Por Nuno Sá Lourenço, in Jornal Público
Com a desculpa de que os tempos de crise são o momento certo para procurar "novas oportunidades", o Presidente da República aconselhou ao Governo duas prioridades políticas
O Presidente da República comemorou o 25 de Abril apontando ao Governo "novas oportunidades" para ajudar o país a sair da "grave crise".
Como já o fizera antes, o conteúdo da intervenção do Presidente intrometeu-se nas funções governativas com a justificação de que se acumulam "as dúvidas quanto ao futuro do país", e que não há tempo a perder no esforço de desenvolvimento do país: "Não poderemos perder tempo, porque a concorrência será implacável. Quem ficar para trás terá de fazer um enorme esforço de recuperação."
Aconselhou, por isso, o Governo a definir o mar como "verdadeira prioridade da política nacional", bem como centrar no Porto um pólo de indústrias criativas. No caso do mar defendeu mesmo não existir "justificação" para não se estar já a explorar "em todas as vertentes" um "tão formidável recurso natural". Depois enunciou com minúcia do que estava a falar. Tem de se apostar no transporte marítimo e nos portos, porque "70 por cento da riqueza gerada no mundo transita no mar". Defendeu as fontes marinhas de energia, a exploração subaquática, a biotecnologia e a construção naval. Afirmou também que o "clima temperado" do país permitia investir com sucesso no "turismo de cruzeiros" e na aquacultura. E falou da "manutenção de uma frota de pesca sustentável".
Percebeu-se mesmo que considera ter-se perdido já muito tempo, sugerindo rapidez ao Governo. Lembrou que já existiam estratégias e políticas "desenhadas nos últimos seis anos". Não seria "necessário fazer mais estudos e relatórios": "Basta agir em cumprimento daquelas estratégias."
A segunda proposta centrou-se na possibilidade de fazer da cidade do Porto um "pólo aglutinador de novas indústrias criativas". Pediu uma "aposta forte dos poderes públicos" para fazer daquela cidade "sinónimo de talento, excelência e inovação" em áreas como as artes plásticas, a moda, publicidade, design, cinema, teatro, música, dança, informática e digital.
Também aqui, o discurso presidencial pareceu denotar alguma impaciência pelo facto de aquilo que lhe parecia óbvio não ter sido ainda feito: "Só falta mobilizar esforços para transformar o Porto e o Norte numa grande região europeia vocacionada para a economia criativa."
O primeiro-ministro encarou as propostas de Cavaco Silva como "inspiradoras para a acção política", em vez de críticas à acção do seu Governo.
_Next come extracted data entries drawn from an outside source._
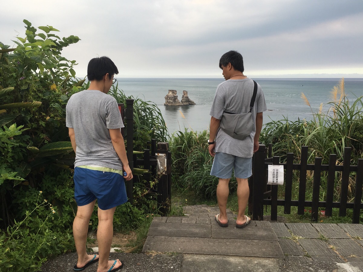 There are a couple of bright red pavilions near the far edge of the cape where people stop to view the two candlestick rocks. Once joined to the cape itself, these two pillars were formed after the sea eroded away the rock connecting them to land. There is a sad-sweet local story about these which reminded me of the story told about amah rock in Hong Kong. In the past, (as is still partially true now), the local residents of Jinshan area relied on the seas to provide food for the family. Many men worked as fishermen, a job which was filled with dangers. When her husband didn’t return one day, the wife of one of these fishermen waded out into sea to try and spot him but she couldn’t, she was worried, but this kind of thing sometimes happened and the boats would come bank in the morning. The next day when he still hadn’t come home she went back out to sea to wait for him. As time passed, she spent longer and longer stood in the waters, waves lapping at her calves, eyes scanning the horizon until eventually she turned to stone. Unlike in the Hong Kong story, her husband had survived the storm which dragged his boat away from the safety of the port, but by the time he returned it was too late. When he asked the villagers where his wife had gone they seemed uncomfortable and their eyes darted towards the stone figure in the bay. Understanding what this meant, the grief-stricken fisherman ran into the shallow waters and embraced the stone that was once his wife. Over time, he too turned to stone and it is the remains of these two that can be seen standing in the water to this day.
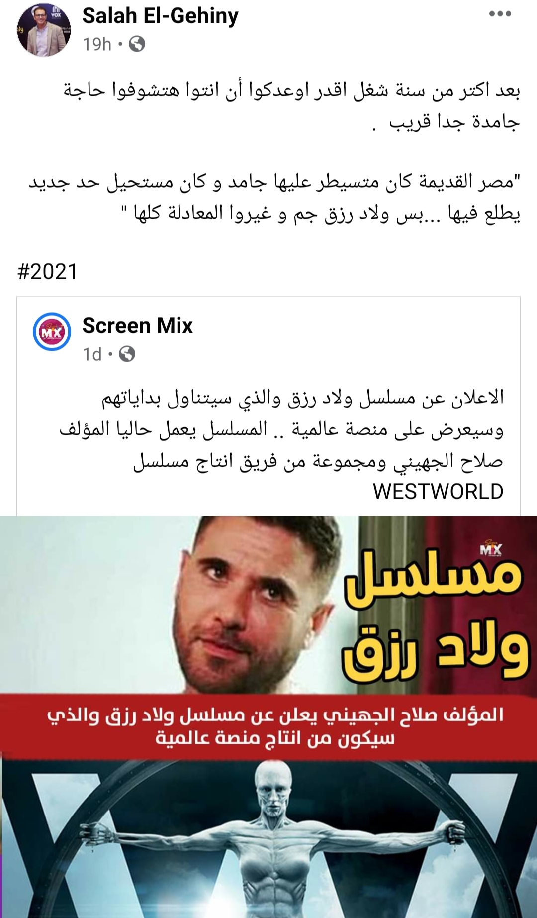 وأضاف، "مصر القديمة كان متْسيطر عليها جامد وكان مستحيل حد جديد يطلع فيها.. بس ولاد رزق جم وغيروا المعادلة كلها 2021".
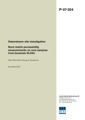 Oskarshamn site investigation. Rock matrix permeability measurements on core samples from borehole KLX03
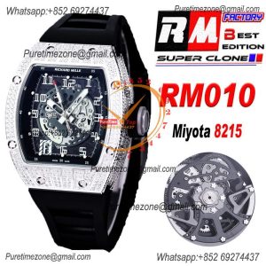 RM010 Miyota Automatic Mens Watch RMF Diamonds Case Skeleton Dial Black Rubber Strap CHS $585.00 $390.00

Ainda assim, notou-se alguma agitação na bancada socialista durante esta parte da intervenção presidencial.
Apesar disso, José Sócrates afiançou que o executivo já avançou com políticas para a área. "Nós desenvolvemos muito recentemente um cluster que visa potenciar a oportunidade da energia das ondas. Ainda na sexta-feira fui a Leixões para assinalar um investimento que tem a maior importância não apenas para desenvolver o turismo de cruzeiros, mas também a modernização dos portos", sustentou o primeiro-ministro.
Rendimentos "chocantes"
Mas o Presidente não deixou passar um dos temas que têm dominado a actualidade. Depois de recordar ter já abordado o assunto em 2008, criticou as remunerações atingidas em altos cargos dirigentes de empresas: "A sensação de injustiça é tanto maior quanto, ao lado de situações de privação e de grandes dificuldades, deparamos quase todos os dias com casos de riqueza imerecida que nos chocam", afirmou. E deu a entender que esses valores eram tanto mais inaceitáveis quanto o facto de as empresas em causa beneficiarem de "situações vantajosas no mercado interno".
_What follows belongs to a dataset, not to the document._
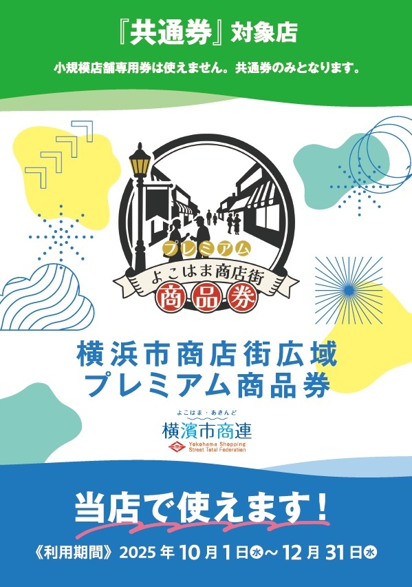- 【一部対象外店舗あり】横浜市商店街広域プレミアム商品券が利用できます
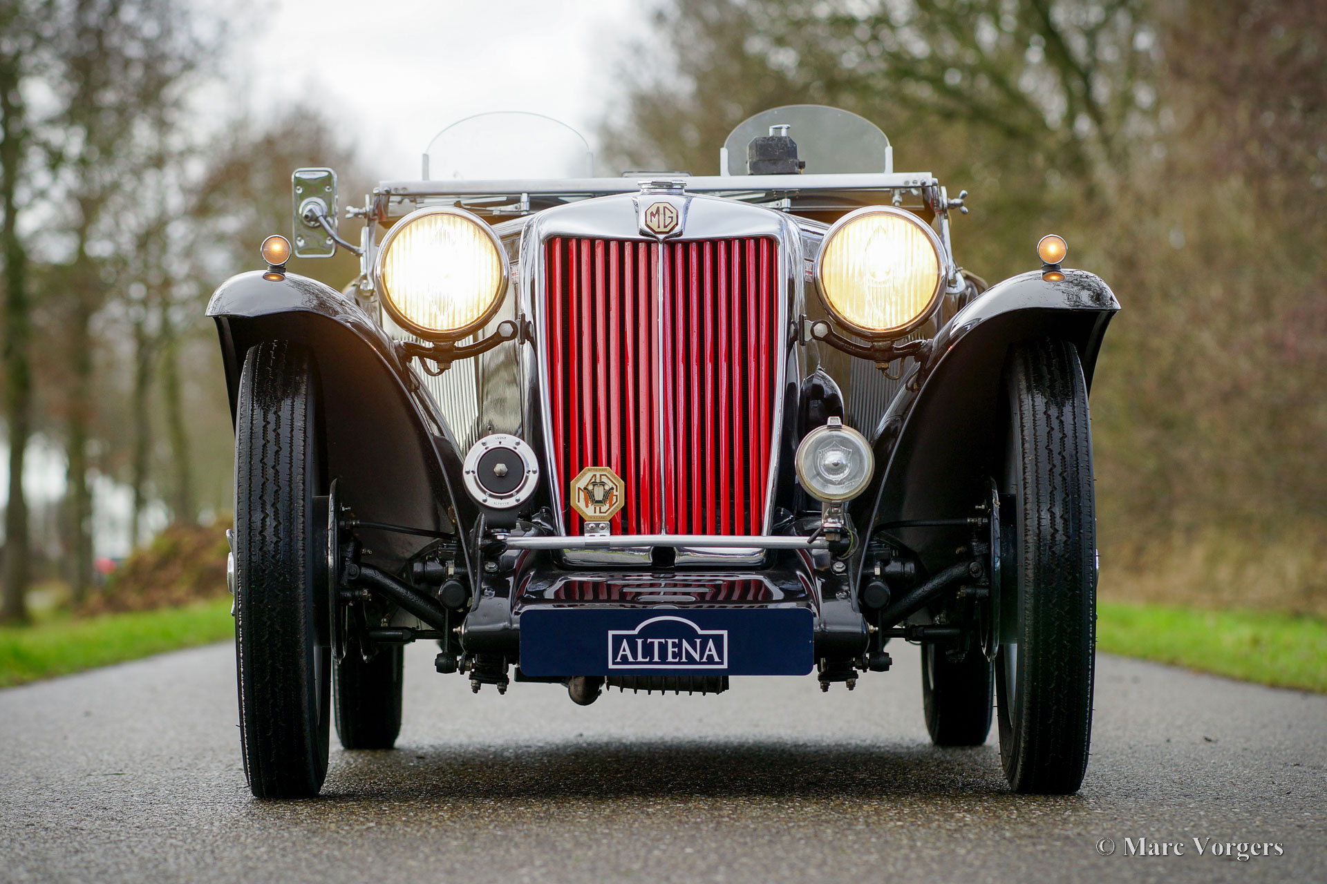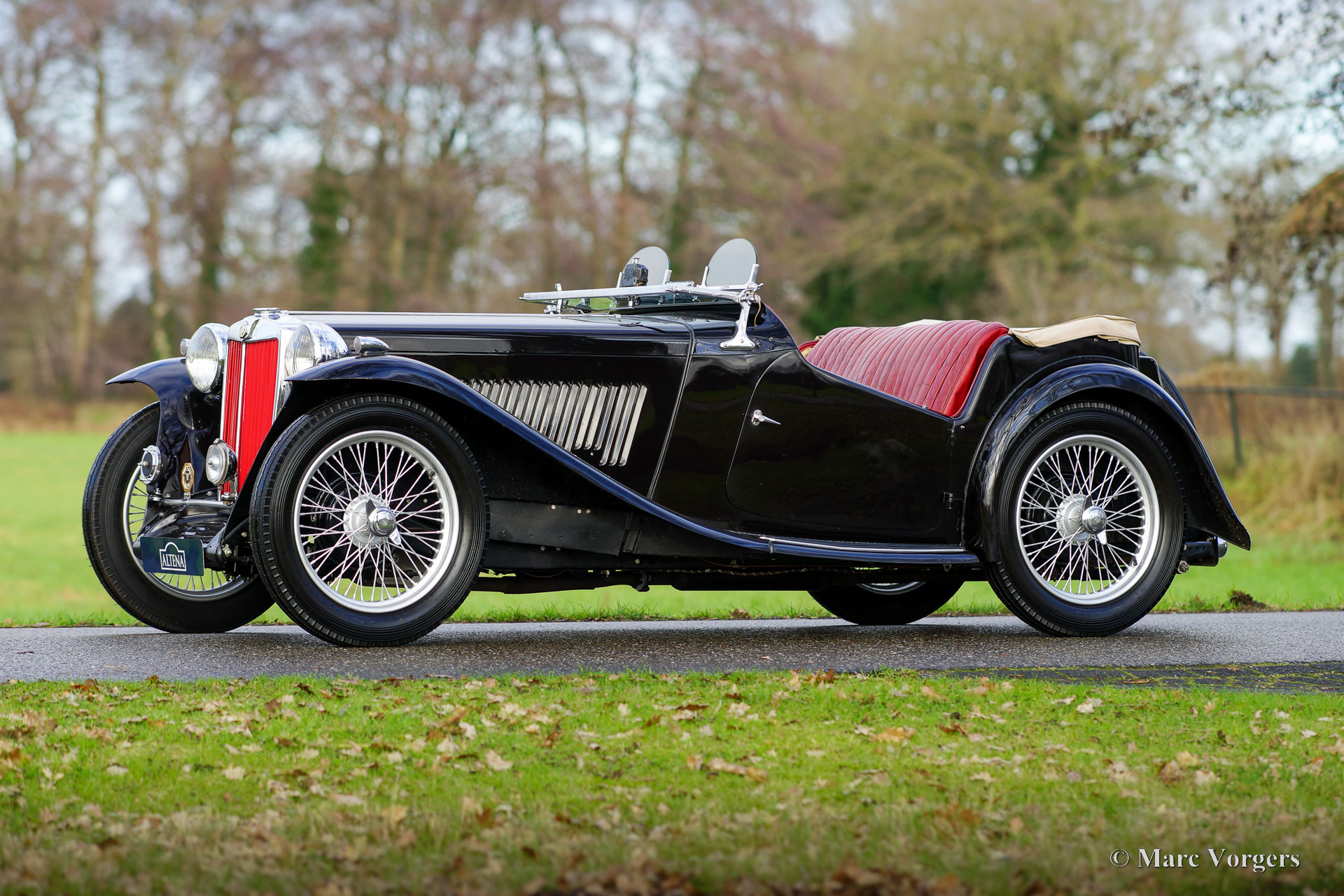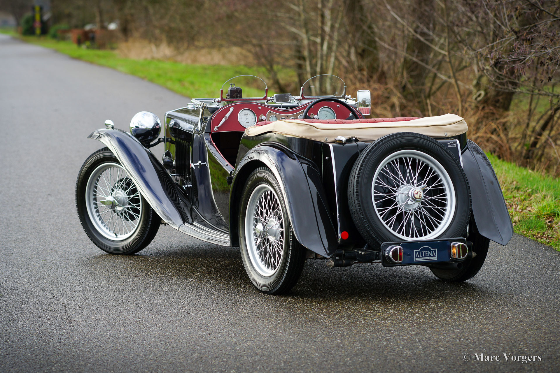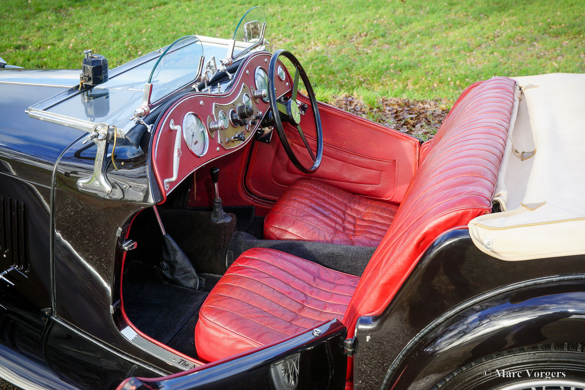 MG TC, Jahr 1950. Farbe Schwarz kombiniert mit einer roten Lederausstattung und schwarzem Teppich. Hellbraunes Verdeck und Seitenfenster-Rahmen. Dieser wunderbare MG TC wurde in den Vereinigten Staaten (USA) neu verkauft und 2010 in die Niederlande importiert. In den Niederlanden wurde das Auto restauriert und überholt. Dieser MG TC ist in einem sehr guten und schönen Zustand mit leichten Gebrauchsspuren, einer fantastischen Patina. Die Wetterausrüstung ist in einem guten Zustand und weist leichte Gebrauchsspuren auf. Dieser MG TC sieht in der schwarzen Farbgebung mit rotem Leder und den silber lackierten Speichenrädern fantastisch aus. Das Auto ist mit „Brooklands“ Aero-Windschutzscheiben ausgestattet, die dem Auto bei heruntergeklappter Windschutzscheibe ein sehr sportliches und maskulines Aussehen verleihen. Das Auto fährt und handhabt sich wunderbar, das klassische Fahrerlebnis ist intensiv und sehr zufriedenstellend. Dieser MG TC ist ein wunderbares und sehr gutes und zuverlässiges Exemplar für den MG-Enthusiasten, der gerne fährt und das Auto in vollen Zügen genießt!

Também neste assunto o primeiro-ministro se colocou ao lado do Presidente: "Eu acompanho essa crítica do Presidente da República. Também eu tenho criticado aquilo que classifiquei como vertigem gananciosa que tem conduzido algumas actuações de empresas um pouco por todo o mundo na remuneração dos seus gestores", respondeu José Sócrates.
As palavras presidenciais tiveram outra consequência. Paulo Portas, presidente do CDS, anunciou, no fim da cerimónia, a apresentação de uma iniciativa para impedir "sinais de ostentação" nas empresas do Estado e participadas, considerando "incompreensíveis" bónus e prémios na actual situação do país.